== RECORDS PROVIDED ==
######
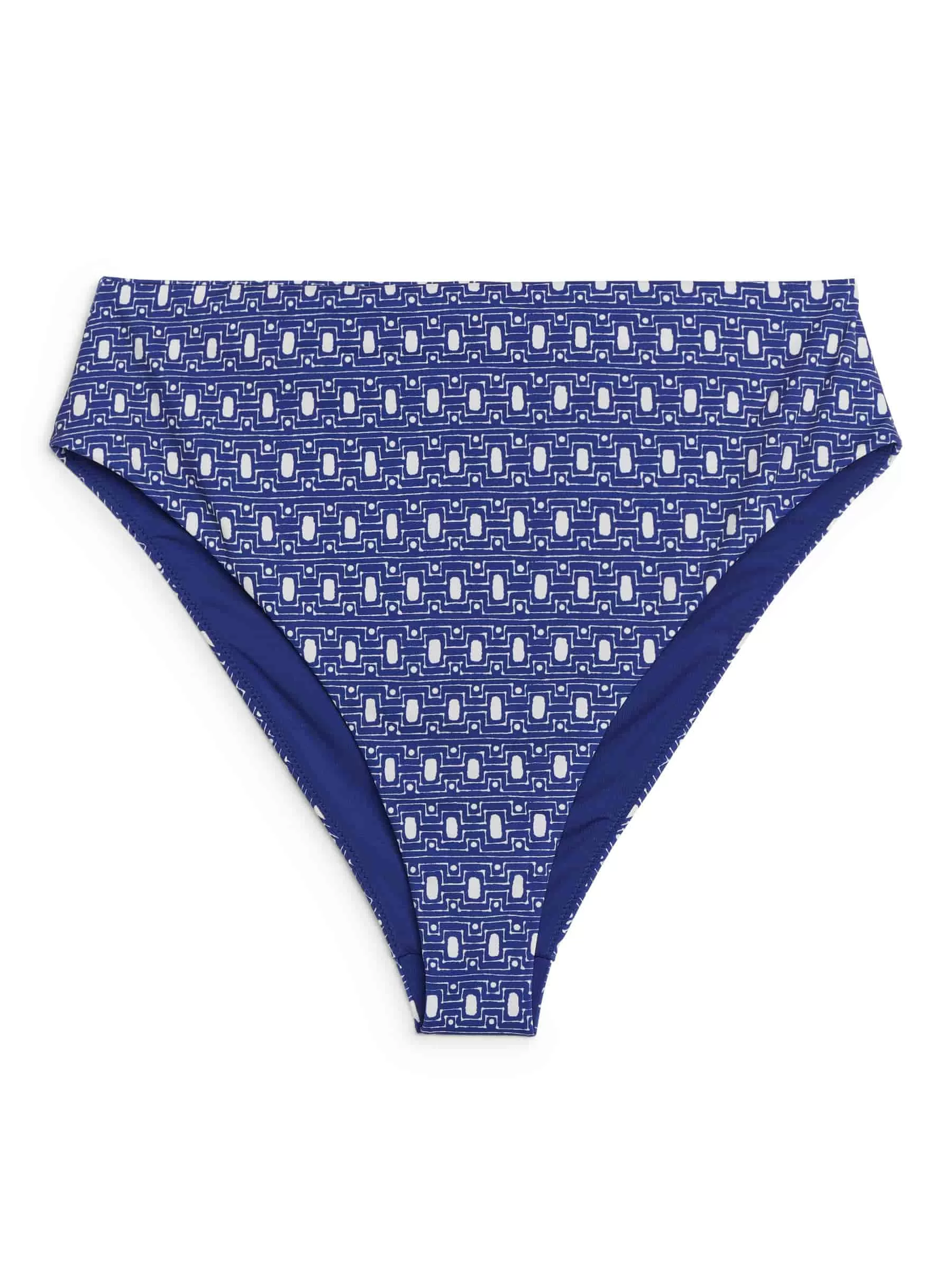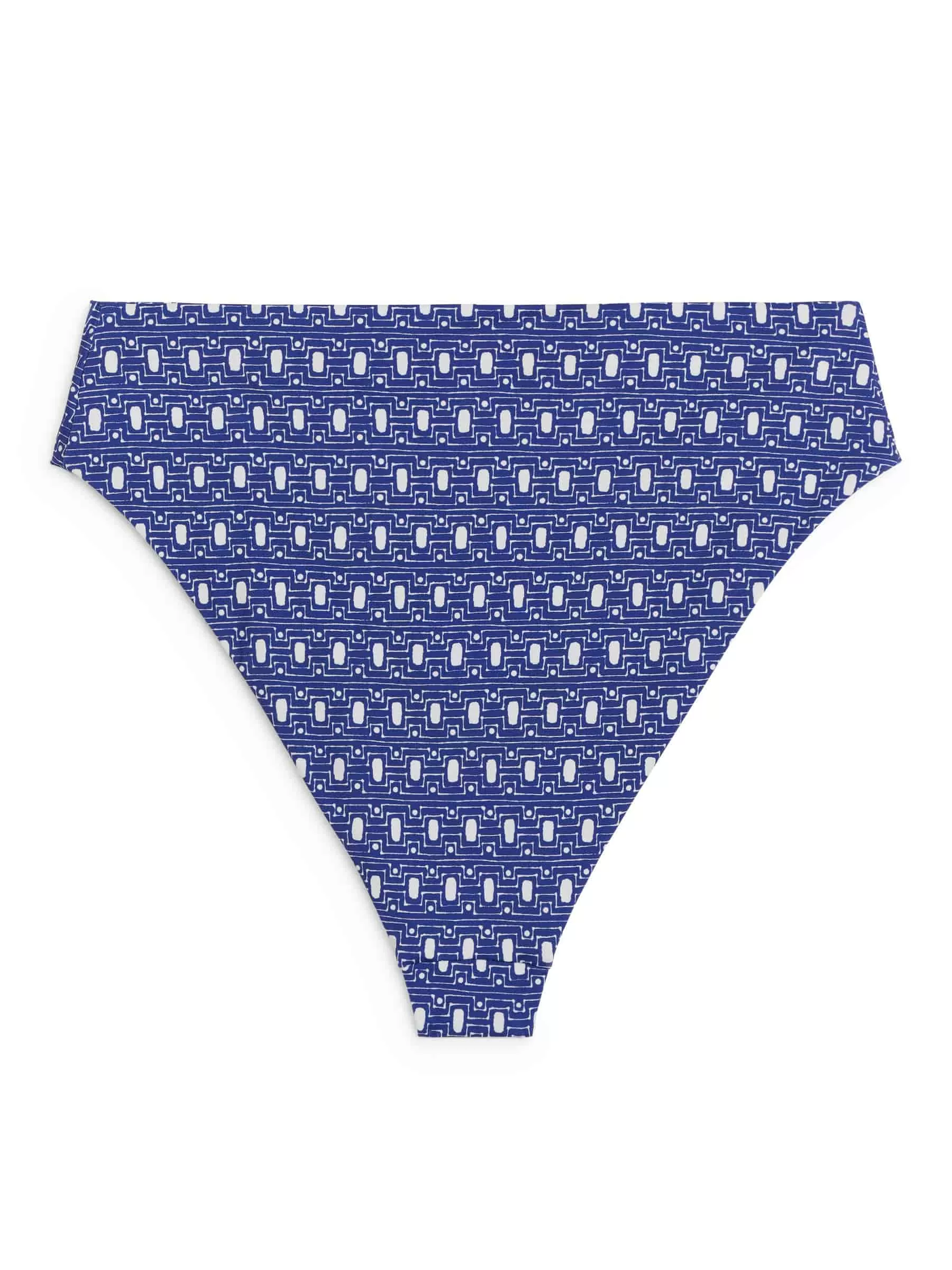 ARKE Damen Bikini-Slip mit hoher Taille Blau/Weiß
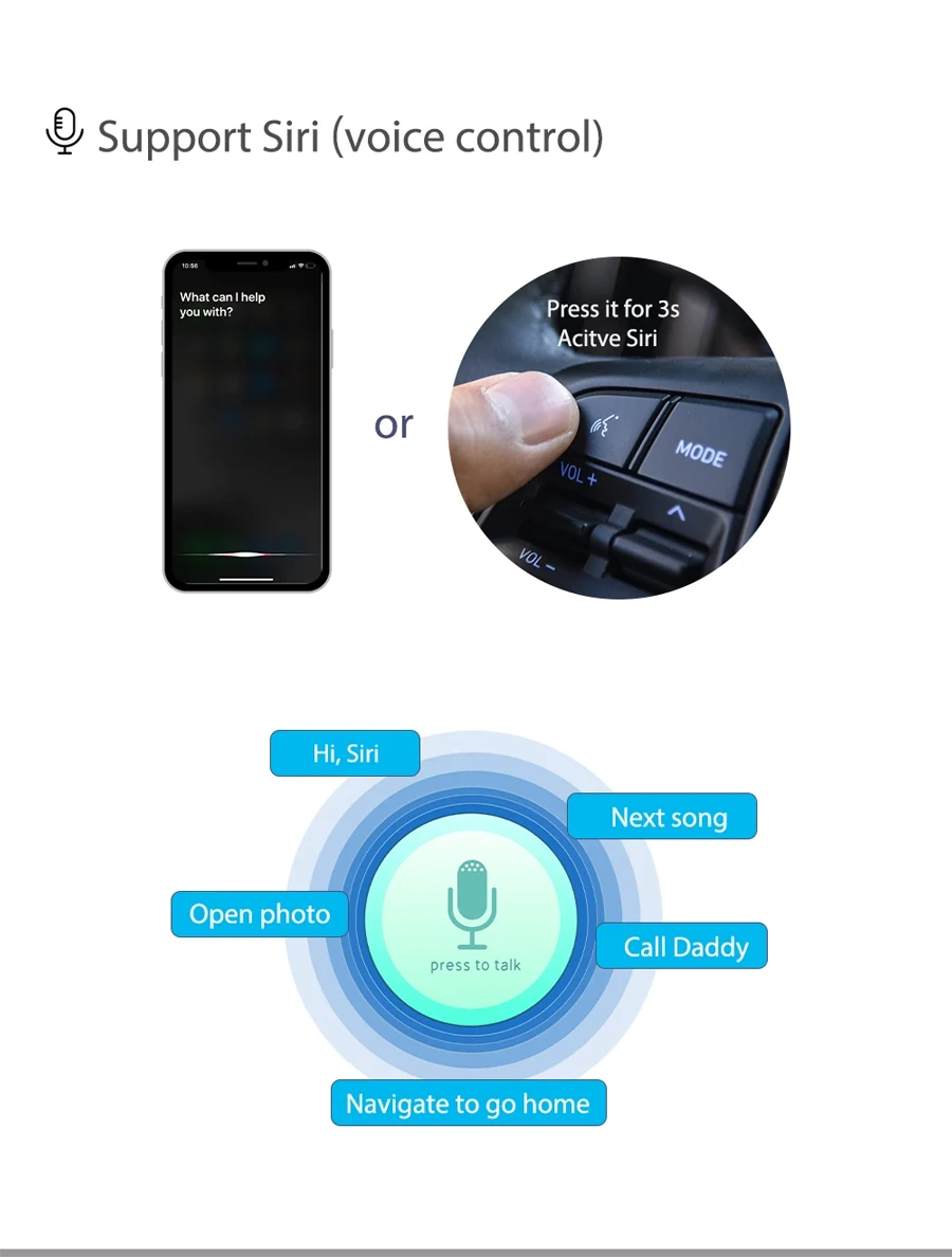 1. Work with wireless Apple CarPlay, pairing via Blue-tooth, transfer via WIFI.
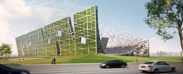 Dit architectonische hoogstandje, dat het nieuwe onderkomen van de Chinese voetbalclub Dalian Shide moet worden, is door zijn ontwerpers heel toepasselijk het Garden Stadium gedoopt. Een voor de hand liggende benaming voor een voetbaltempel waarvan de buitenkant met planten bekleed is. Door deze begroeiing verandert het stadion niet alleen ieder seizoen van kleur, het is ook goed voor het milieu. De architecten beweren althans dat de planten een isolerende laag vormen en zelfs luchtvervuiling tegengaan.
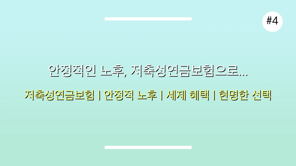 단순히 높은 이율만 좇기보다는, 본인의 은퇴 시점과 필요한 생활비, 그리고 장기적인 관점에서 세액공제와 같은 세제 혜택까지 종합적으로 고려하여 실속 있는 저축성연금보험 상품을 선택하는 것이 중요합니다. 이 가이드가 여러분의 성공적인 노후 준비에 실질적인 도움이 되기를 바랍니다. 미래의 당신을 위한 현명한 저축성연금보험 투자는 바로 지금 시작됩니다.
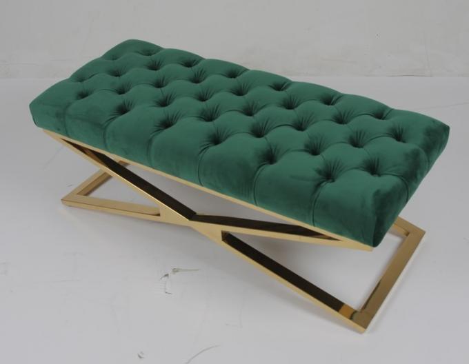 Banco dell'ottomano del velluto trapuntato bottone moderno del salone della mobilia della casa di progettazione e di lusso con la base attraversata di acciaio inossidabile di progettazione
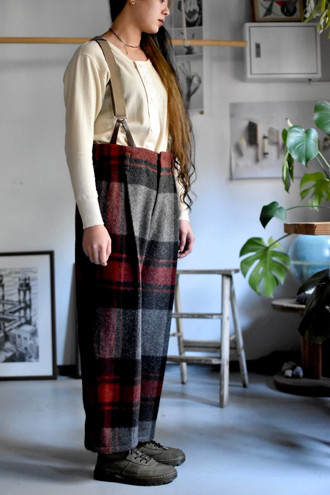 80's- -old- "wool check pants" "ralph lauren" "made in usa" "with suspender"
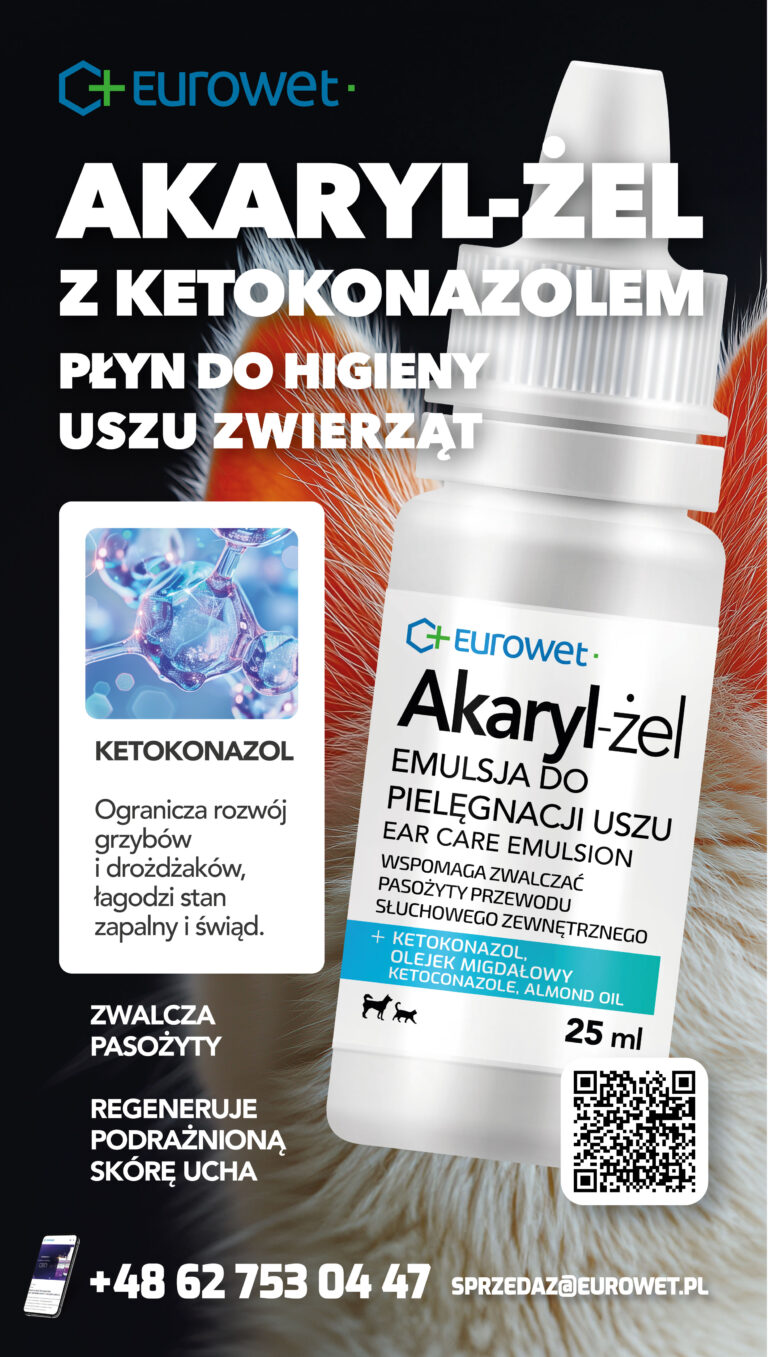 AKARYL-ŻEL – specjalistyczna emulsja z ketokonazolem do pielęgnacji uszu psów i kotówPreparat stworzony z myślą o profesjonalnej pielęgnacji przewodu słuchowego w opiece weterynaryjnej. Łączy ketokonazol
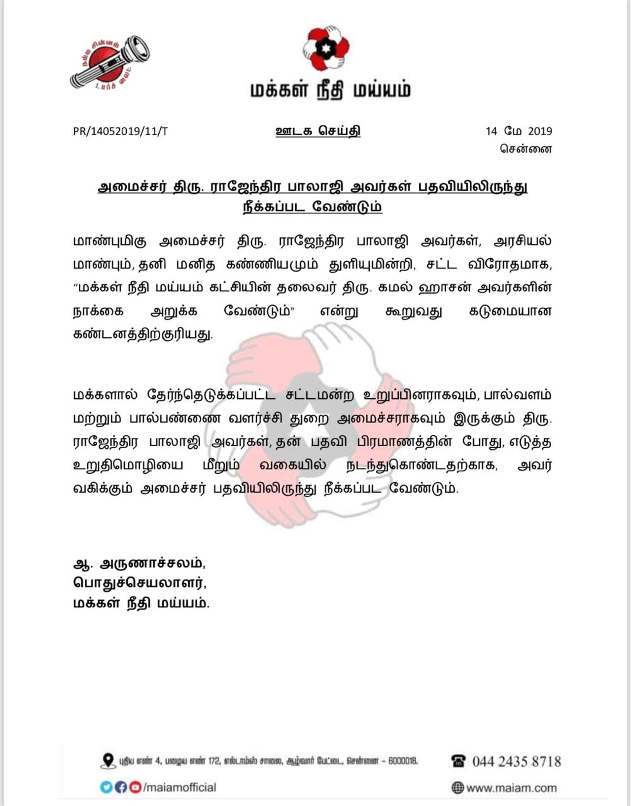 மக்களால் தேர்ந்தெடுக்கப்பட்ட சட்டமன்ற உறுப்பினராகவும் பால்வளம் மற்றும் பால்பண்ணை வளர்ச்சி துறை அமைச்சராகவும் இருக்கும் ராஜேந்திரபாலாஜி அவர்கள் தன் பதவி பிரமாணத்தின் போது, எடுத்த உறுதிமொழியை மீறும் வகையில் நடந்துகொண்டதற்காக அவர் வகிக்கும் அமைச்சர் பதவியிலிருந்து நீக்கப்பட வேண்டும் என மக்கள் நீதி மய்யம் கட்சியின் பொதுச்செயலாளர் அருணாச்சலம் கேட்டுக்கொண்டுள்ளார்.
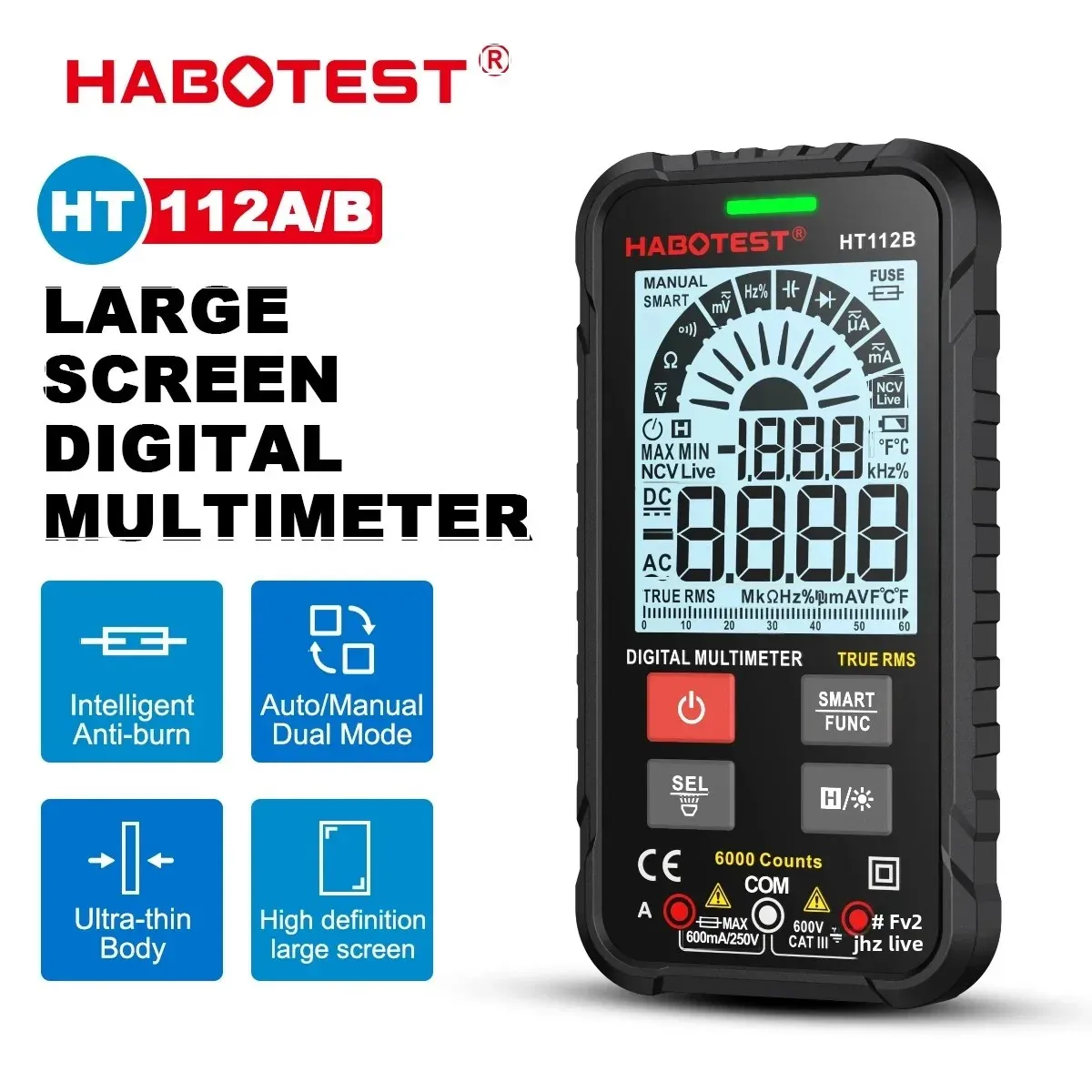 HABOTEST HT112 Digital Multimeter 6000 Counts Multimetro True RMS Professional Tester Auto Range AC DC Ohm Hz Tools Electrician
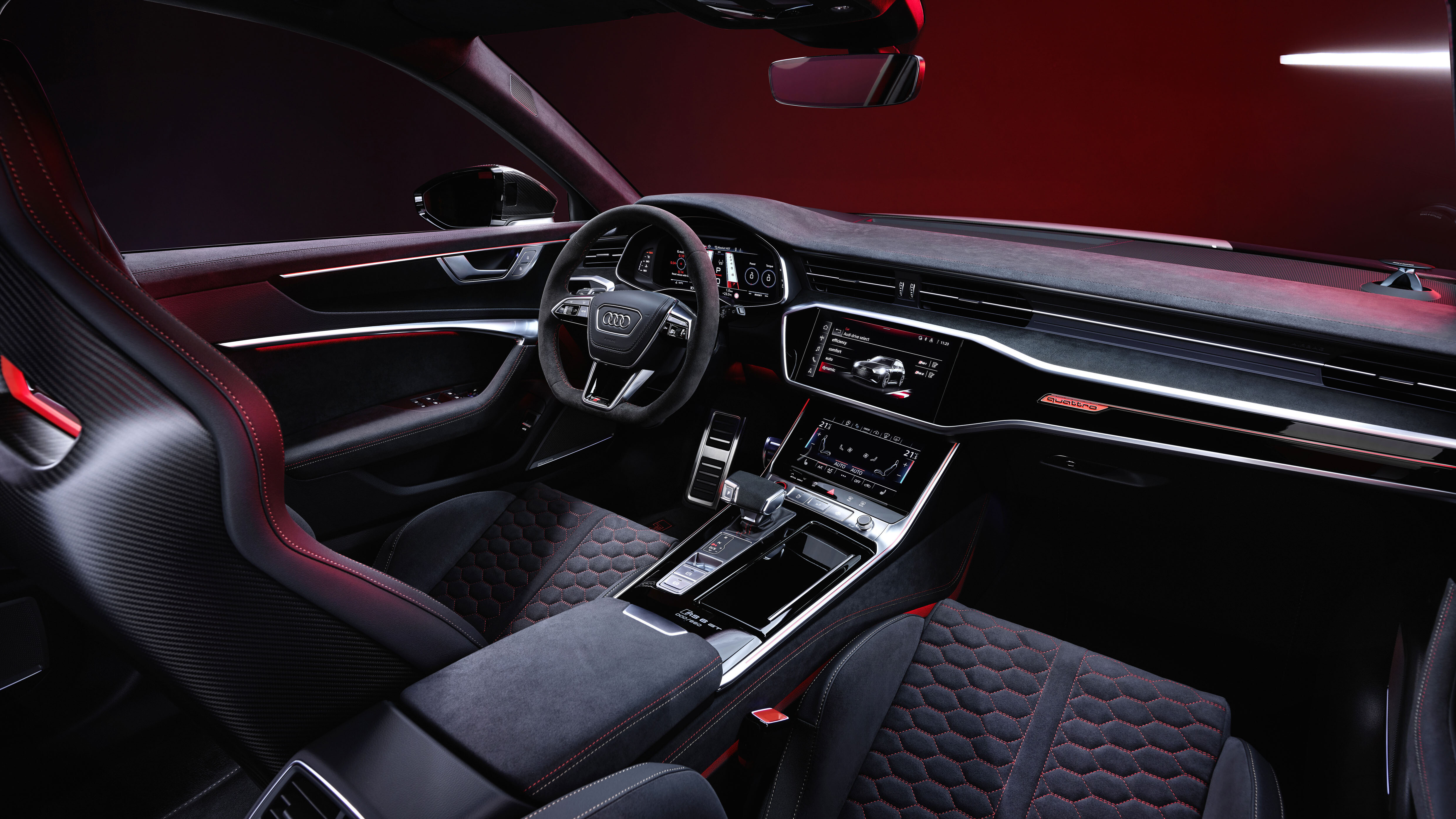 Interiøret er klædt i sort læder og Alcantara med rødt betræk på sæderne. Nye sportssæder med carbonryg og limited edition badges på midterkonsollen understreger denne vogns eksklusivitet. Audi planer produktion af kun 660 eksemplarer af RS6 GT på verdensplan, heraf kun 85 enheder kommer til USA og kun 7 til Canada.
######
== TASK INSTRUCTIONS ==
All that should be printed is the lines from the one containing "HABOTEST HT112 Digital" through the last line of the material above, both ends included, exactly as they stand; please skip the pictures.

== FINISHED TASK ==
 HABOTEST HT112 Digital Multimeter 6000 Counts Multimetro True RMS Professional Tester Auto Range AC DC Ohm Hz Tools Electrician
 Interiøret er klædt i sort læder og Alcantara med rødt betræk på sæderne. Nye sportssæder med carbonryg og limited edition badges på midterkonsollen understreger denne vogns eksklusivitet. Audi planer produktion af kun 660 eksemplarer af RS6 GT på verdensplan, heraf kun 85 enheder kommer til USA og kun 7 til Canada.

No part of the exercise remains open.